YOUR OBJECTIVE. Word for word, transcribe the listing that follows, minus any pictures.

DATASET CONTENT.
++++++

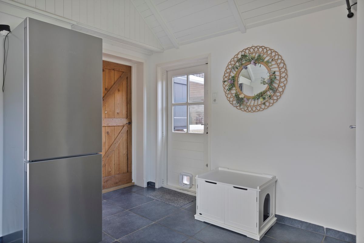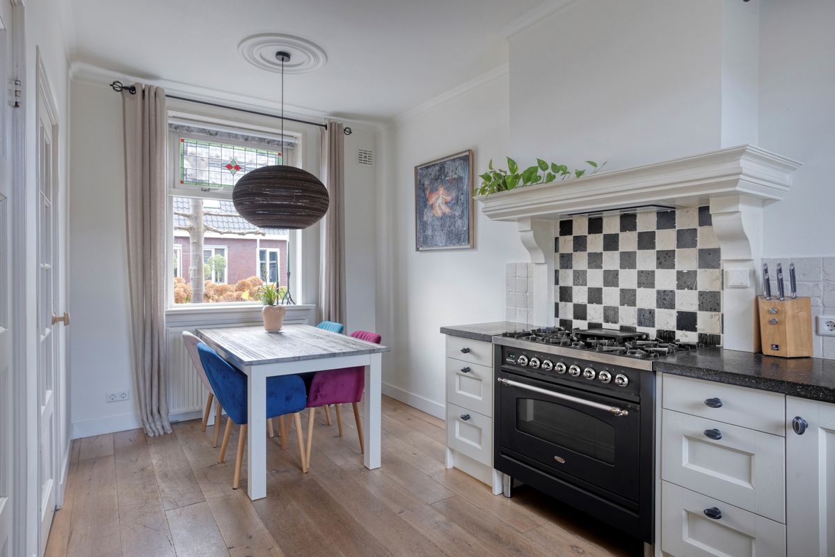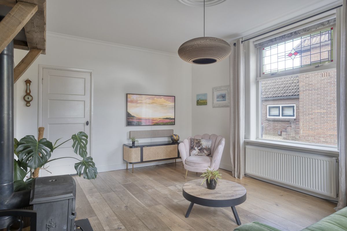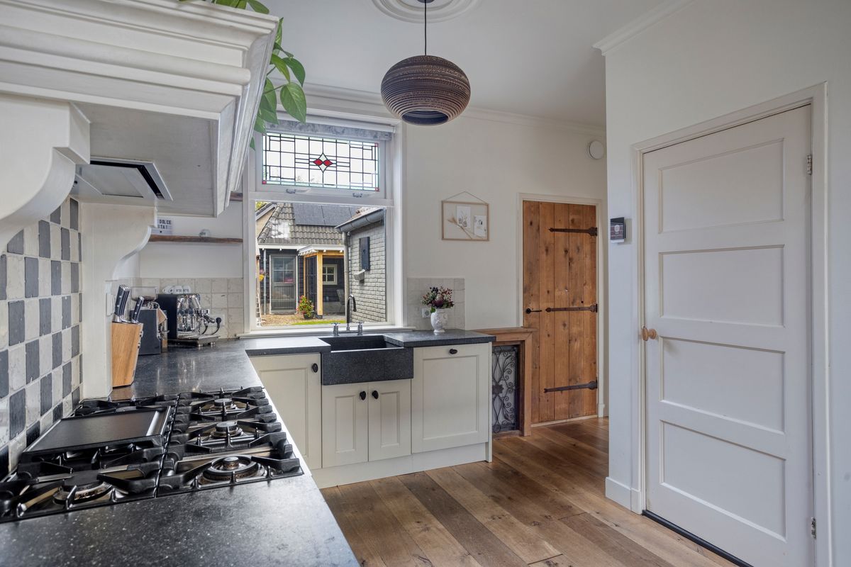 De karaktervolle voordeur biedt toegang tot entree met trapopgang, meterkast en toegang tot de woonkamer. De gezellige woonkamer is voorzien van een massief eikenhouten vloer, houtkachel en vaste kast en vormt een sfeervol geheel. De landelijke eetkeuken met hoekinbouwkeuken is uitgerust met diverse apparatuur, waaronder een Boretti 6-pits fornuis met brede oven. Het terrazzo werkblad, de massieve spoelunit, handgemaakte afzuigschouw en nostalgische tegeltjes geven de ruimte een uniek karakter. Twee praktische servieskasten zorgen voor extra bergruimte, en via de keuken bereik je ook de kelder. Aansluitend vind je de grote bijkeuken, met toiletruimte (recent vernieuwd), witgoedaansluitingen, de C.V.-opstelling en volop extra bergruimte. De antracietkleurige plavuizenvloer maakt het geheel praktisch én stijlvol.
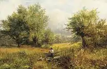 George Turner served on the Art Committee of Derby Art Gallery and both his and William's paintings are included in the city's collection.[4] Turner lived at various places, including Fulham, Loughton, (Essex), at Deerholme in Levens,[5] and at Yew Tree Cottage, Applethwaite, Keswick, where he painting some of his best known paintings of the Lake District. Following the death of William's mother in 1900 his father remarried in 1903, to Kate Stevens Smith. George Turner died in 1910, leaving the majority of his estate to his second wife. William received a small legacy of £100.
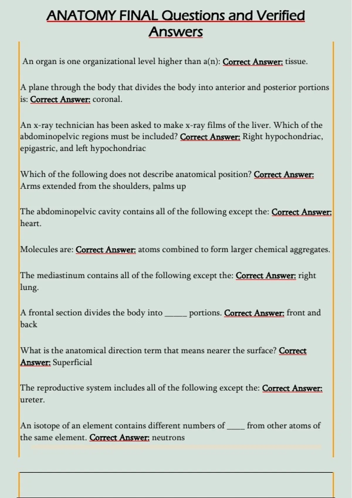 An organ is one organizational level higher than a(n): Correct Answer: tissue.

++++++

EXERCISE OUTPUT.
 De karaktervolle voordeur biedt toegang tot entree met trapopgang, meterkast en toegang tot de woonkamer. De gezellige woonkamer is voorzien van een massief eikenhouten vloer, houtkachel en vaste kast en vormt een sfeervol geheel. De landelijke eetkeuken met hoekinbouwkeuken is uitgerust met diverse apparatuur, waaronder een Boretti 6-pits fornuis met brede oven. Het terrazzo werkblad, de massieve spoelunit, handgemaakte afzuigschouw en nostalgische tegeltjes geven de ruimte een uniek karakter. Twee praktische servieskasten zorgen voor extra bergruimte, en via de keuken bereik je ook de kelder. Aansluitend vind je de grote bijkeuken, met toiletruimte (recent vernieuwd), witgoedaansluitingen, de C.V.-opstelling en volop extra bergruimte. De antracietkleurige plavuizenvloer maakt het geheel praktisch én stijlvol.
 George Turner served on the Art Committee of Derby Art Gallery and both his and William's paintings are included in the city's collection.[4] Turner lived at various places, including Fulham, Loughton, (Essex), at Deerholme in Levens,[5] and at Yew Tree Cottage, Applethwaite, Keswick, where he painting some of his best known paintings of the Lake District. Following the death of William's mother in 1900 his father remarried in 1903, to Kate Stevens Smith. George Turner died in 1910, leaving the majority of his estate to his second wife. William received a small legacy of £100.
 An organ is one organizational level higher than a(n): Correct Answer: tissue.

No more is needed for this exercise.